Every good building starts with a strong foundation — and that foundation impacts all experiences had in that physical space. In the digital area, your website is that foundation and influences all experiences potential, and current customers have with you online — down to their very ability to find you.
The goal of SEO is to guarantee that your potential customers will find your products and services when searching for them. And foundational SEO is the first step.
Read on, and we discuss what a foundation for success includes and how it impacts your business.

8 Foundational SEO Tips for Your Small Business
1. Optimize your page titles.
Your page title is perhaps the single most important on-page ranking factor – you can think of them as a headline since they frequently show in search results.
Ensure you have the right pages on your site (dedicated pages for each essential product and service, and each location).
And when you optimize your page titles, consider rankings (search volume associated with keywords and locations) as well as clicks (what will your target audience be most likely to click).
Strategic page title optimization makes your website pages more attractive to search engines and users alike.
2. Optimize your header tags.
Header tags make your site content more enjoyable for visitors to read and provide keyword-rich context about your content for search engines. This two-pronged approach creates a powerful 2-punch impact on your indirect rankings.
Headers provide structure and context for visitors and are akin to a table of contents for a book. H1 introduces the topic the page content covers. H2’s are the chapters that describe the topics you’ll cover in the section. And subsequent headers serve as additional subheadings within each section.
Breaking up text in this way makes it easier for today’s scanning consumer behavior. Users will spend more time on your site and be more likely to share it if you make it easier to consume. And both time on site and backlinks improve your ranking.
When you create your header tags, keep the above-described table of contents structure in mind, include some keywords, but write for consumers more than search engines and make them attractive.
3. Create and optimize meta descriptions.
Meta descriptions will show up below the title and URL of your page in search engine results. Meta descriptions, like header tags, don’t directly influence rankings but are crucial to helping you generate more clicks. These descriptions summarize each page’s content and reinforce the message of each page title. You can think of them as your web pages’ advertising copy for search engines.

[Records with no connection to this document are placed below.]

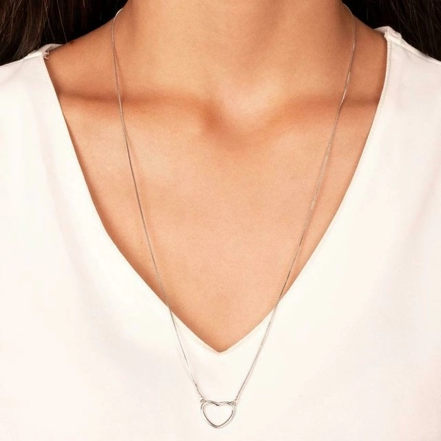 Semijoia Gazin- Escapulário Coração Vazado Confeccionado em Banho de Ródio Branco.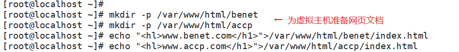 3 echo "<hl>www.benet.com</h1>">/var/www/html/benet/index.html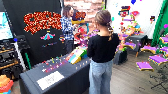 curiosity株式会社から配信中のAR(※1)アプリ「AVATAVI(アバタビ)」AVATAVIスポットで体験できるマルチプレイアクションゲーム「Circus Toyland(サーカストイランド)」をXR Kaigi 2023年オフライン会場にて体験展示いたします。今回の展示ではモバイル端末に加えMeta Quest 3上でもご体験頂けます。現実世界に現れるちいさなサーカス団のフィールドでARゲームをお楽しみください!
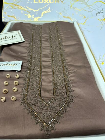 LUXURY HANDWORK EMBROIDERY GIZA COTTON BROWN D | 32 Original price was: ₹3,850.00.Current price is: ₹3,250.00.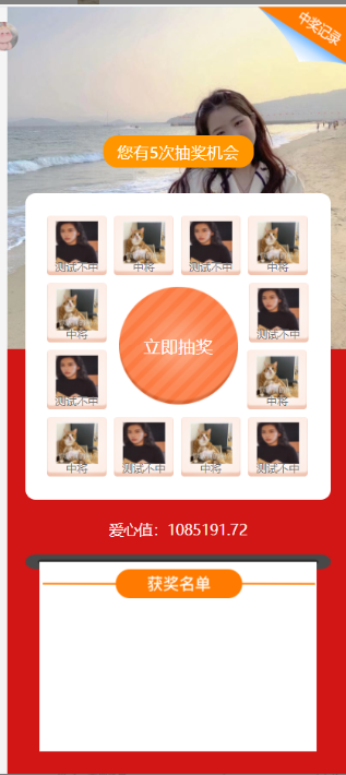 平台添加多个抽奖活动,九宫格形式抽奖;
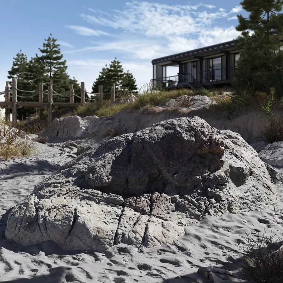 Large Wave Beach Rock Model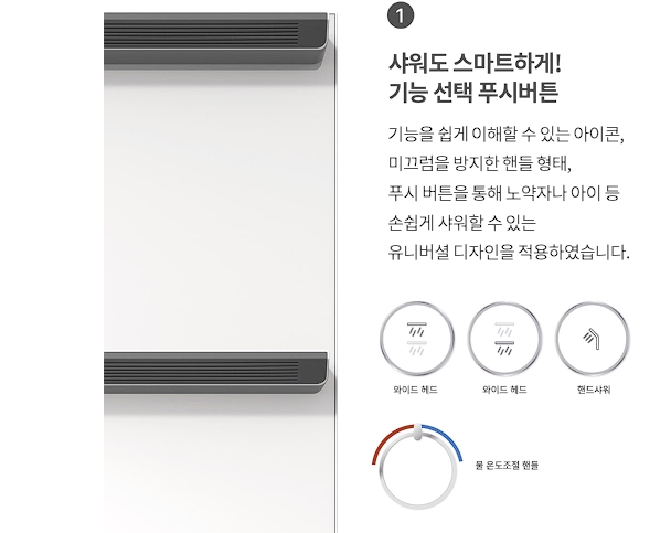 상단 헤드는 키 큰 성인용, 하단 헤드는 아이나 키 작은 사용자용으로 높이가 나뉘어 있어, 남녀노소 누구나 몸 구석구석 깨끗이 헹구기 좋습니다.사용해보면 물이 몸에 닿는 느낌이 좋다고 하네요 - 3WAY 버튼식 모드 전환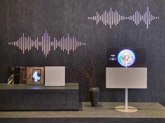 在外观方面颇为吸睛的一系列音频设备,为三星展位注入了强烈的视觉冲击。作为一款让音乐可视化的设备,Transparent MICRO LED 重构了黑胶唱片机的概念,其形态仿佛一张悬浮在空中的黑胶唱片,同时内置了高端音响系统,确保音频质量不打折扣。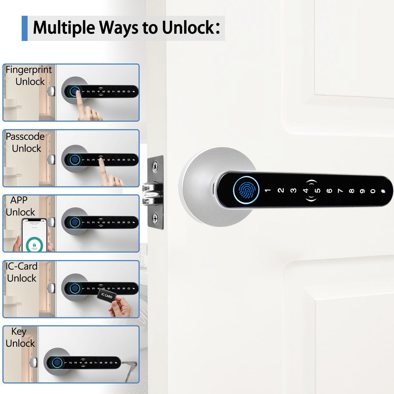 - Multiple unlocking options: Easily unlock using 5 ways: fingerprint door lock, Tuya app, IC card password and physical key. 1s Clock quickly identifies the unlock, Store 50 fingerprints for instant access and assign temporary codes for guests. While app control allows remote access. Perfect for bedroom door locks, interior door knobs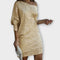 Sjajna Haljina za Noć idealna je za one koji žele istaknuti moderni izgled pun stila. S ležernim krojem, dugim rukavima i asimetričnim izrezom koji otkriva jedno rame, ovaj model spaja udobnost i senzualnost. Sjajni završetak zapanjujuće hvata svjetlost, čineći je savršenom za zabave, večere ili posebne izlaske.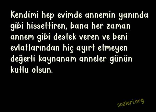 Kendimi hep evimde annemin yanında gibi hissettiren, bana her zaman annem gibi destek veren ve beni evlatlarından hiç ayırt etmeyen değerli kaynanam anneler günün kutlu olsun. ( Kaynanaya Anneler Günü )
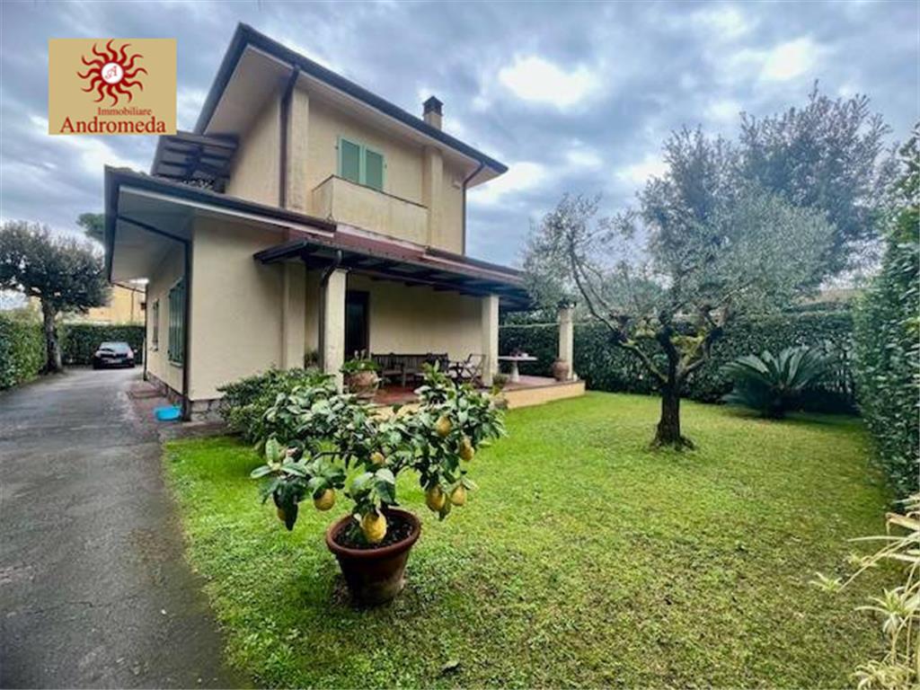 RIF 870 – Alle spalle della zona centrale, porzione di villa quadrifamiliare esposta lato mare, di circa 195 mq., con giardino attrezzato e posti auto; disposta su due piani fuori terra, oltre ai piani mansardato e seminterrato, è così composta: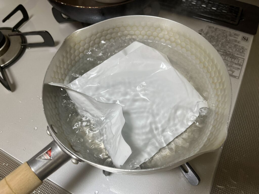 最近のレトルトカレーは、ケースのままレンジで温められるものも多いですが、ここのは湯煎するタイプです!

Keep your meta descriptions 1-2 sentences long and between 140-160 characters to remain visible within their space in Google. And remember, your ultimate goal is to provide value to searchers and drive clicks.

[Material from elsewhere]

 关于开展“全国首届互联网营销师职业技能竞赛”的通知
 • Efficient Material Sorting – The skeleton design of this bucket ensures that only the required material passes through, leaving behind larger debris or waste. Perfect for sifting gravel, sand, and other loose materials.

4. Activate and optimize business listings.
While they’re off your website, business listings are still very much a part of foundational SEO. To improve your business’s local ranking and visibility in search results, activate and optimize your business’s listings.

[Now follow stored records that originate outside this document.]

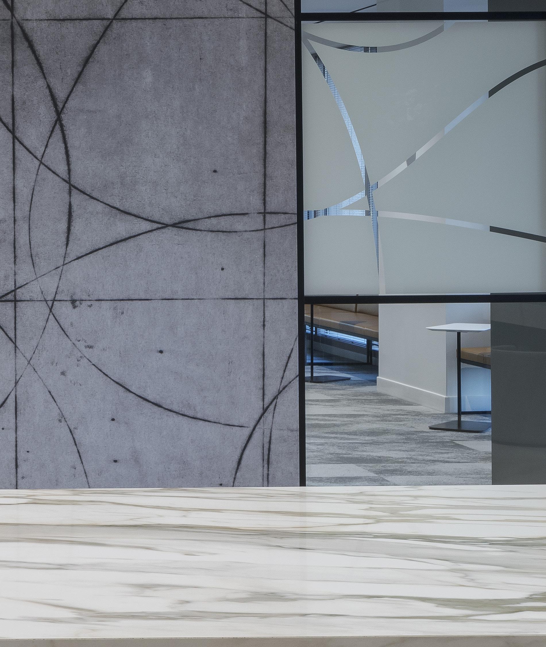 Responding to the challenge of representing distinct branding from three different companies in one space, the designers employed a custom graphic solution that combines a dynamic mixture of the suite of brand colours, accented with wood and gold for a neutral thread that creates an upgraded look.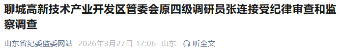 据聊城市纪委监委消息:聊城高新技术产业开发区管委会原四级调研员张连涉嫌严重违纪违法,目前正接受聊城市纪委监委纪律审查和监察调查。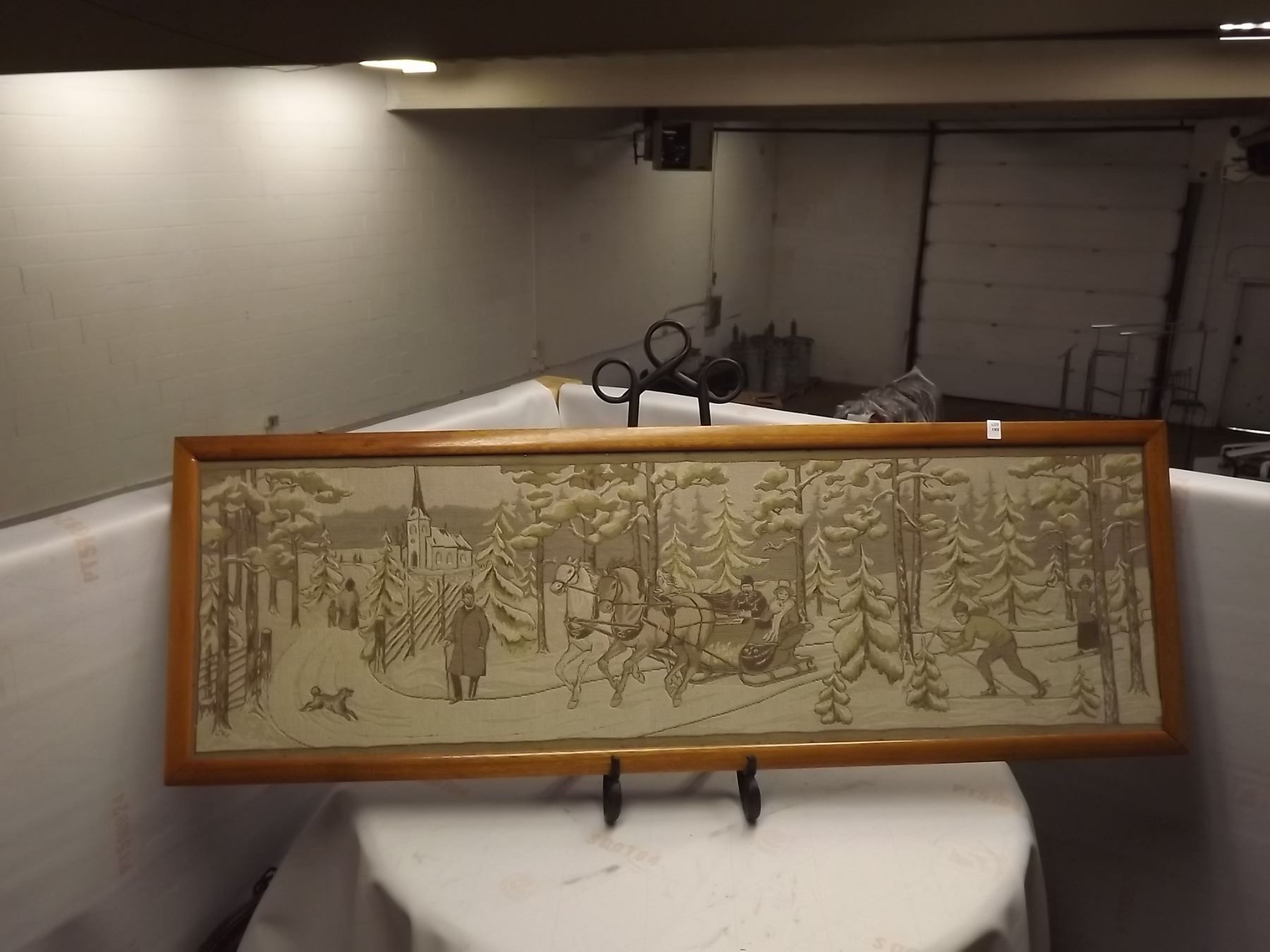 49.5" X 17.5" FRAMED NEEDLE POINT WINTER WOONDERLAND SCENE PICTURE

Google My Business is a solid place to start. Think of Google My business as Google’s business directory. Here, you can provide information about your business, such as name, business category, address, website address, hours of operation, contact information, photos, and more.
For those with multiple locations, activate a business listing for each of your locations. And ensure NAP Consistency (consistency among the name and addresses you use on your website’s locations pages and that of the business listings).
Use your Google business Listing to solicit and receive reviews from consumers for products and services rendered. Consumers and search engines alike consider your online reputation (the number, average rating, and content of reviews) to rank your business.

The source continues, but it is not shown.